» Exercise goal
Begin with the line below holding "2012年12月13日,上海" and go on through the line holding "袁益辉副院长从申报数、立项数", duplicating each line exactly and leaving out pictures.
───── Working data
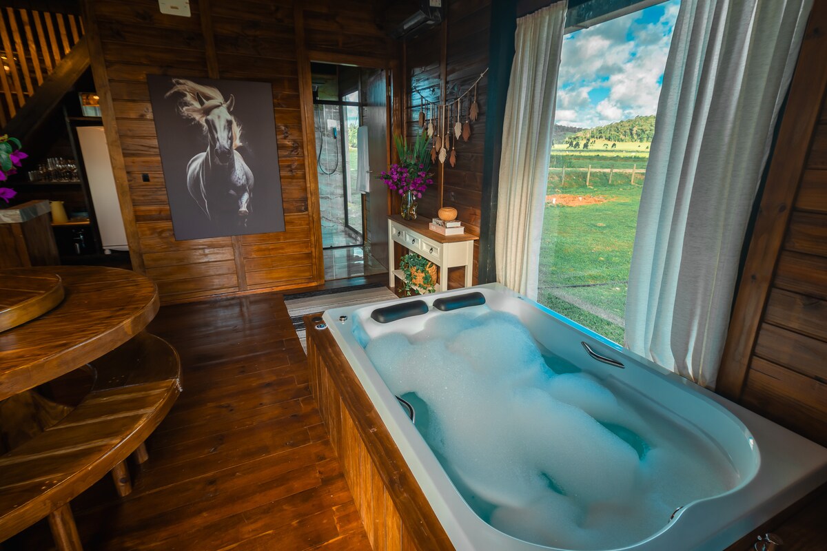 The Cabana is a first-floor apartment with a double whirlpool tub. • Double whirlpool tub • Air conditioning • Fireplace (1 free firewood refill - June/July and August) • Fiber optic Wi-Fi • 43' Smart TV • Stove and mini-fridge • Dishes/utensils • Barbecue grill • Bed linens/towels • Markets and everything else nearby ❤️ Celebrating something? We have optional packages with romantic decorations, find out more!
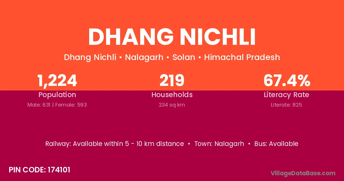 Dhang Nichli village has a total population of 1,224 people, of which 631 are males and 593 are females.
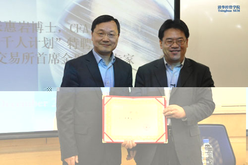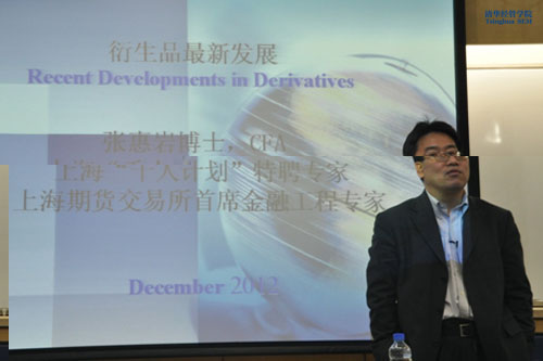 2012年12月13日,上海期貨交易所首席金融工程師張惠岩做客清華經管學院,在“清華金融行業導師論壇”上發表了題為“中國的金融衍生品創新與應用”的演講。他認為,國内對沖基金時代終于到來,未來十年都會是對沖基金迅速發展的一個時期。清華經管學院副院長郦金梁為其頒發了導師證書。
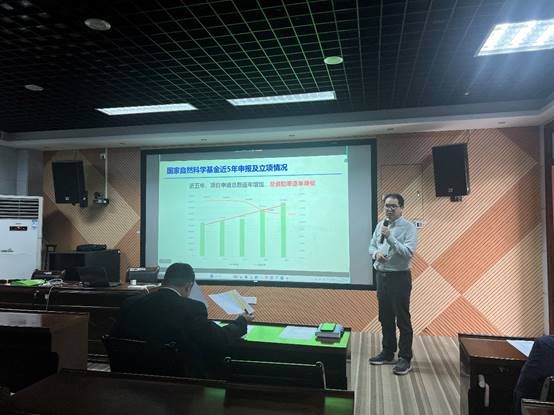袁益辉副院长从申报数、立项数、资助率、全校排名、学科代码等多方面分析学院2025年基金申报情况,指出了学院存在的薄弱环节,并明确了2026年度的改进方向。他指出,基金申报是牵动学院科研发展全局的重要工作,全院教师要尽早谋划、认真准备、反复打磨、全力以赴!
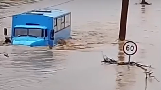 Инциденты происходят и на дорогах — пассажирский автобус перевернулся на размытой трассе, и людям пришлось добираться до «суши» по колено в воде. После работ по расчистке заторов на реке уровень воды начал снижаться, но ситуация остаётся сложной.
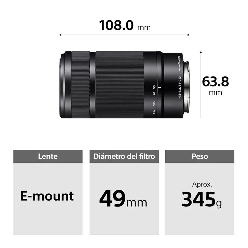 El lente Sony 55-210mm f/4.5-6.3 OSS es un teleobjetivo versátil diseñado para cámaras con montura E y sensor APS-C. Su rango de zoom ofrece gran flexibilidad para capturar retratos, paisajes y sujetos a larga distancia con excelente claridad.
──────────
» Answer for the task
 2012年12月13日,上海期貨交易所首席金融工程師張惠岩做客清華經管學院,在“清華金融行業導師論壇”上發表了題為“中國的金融衍生品創新與應用”的演講。他認為,國内對沖基金時代終于到來,未來十年都會是對沖基金迅速發展的一個時期。清華經管學院副院長郦金梁為其頒發了導師證書。
袁益辉副院长从申报数、立项数、资助率、全校排名、学科代码等多方面分析学院2025年基金申报情况,指出了学院存在的薄弱环节,并明确了2026年度的改进方向。他指出,基金申报是牵动学院科研发展全局的重要工作,全院教师要尽早谋划、认真准备、反复打磨、全力以赴!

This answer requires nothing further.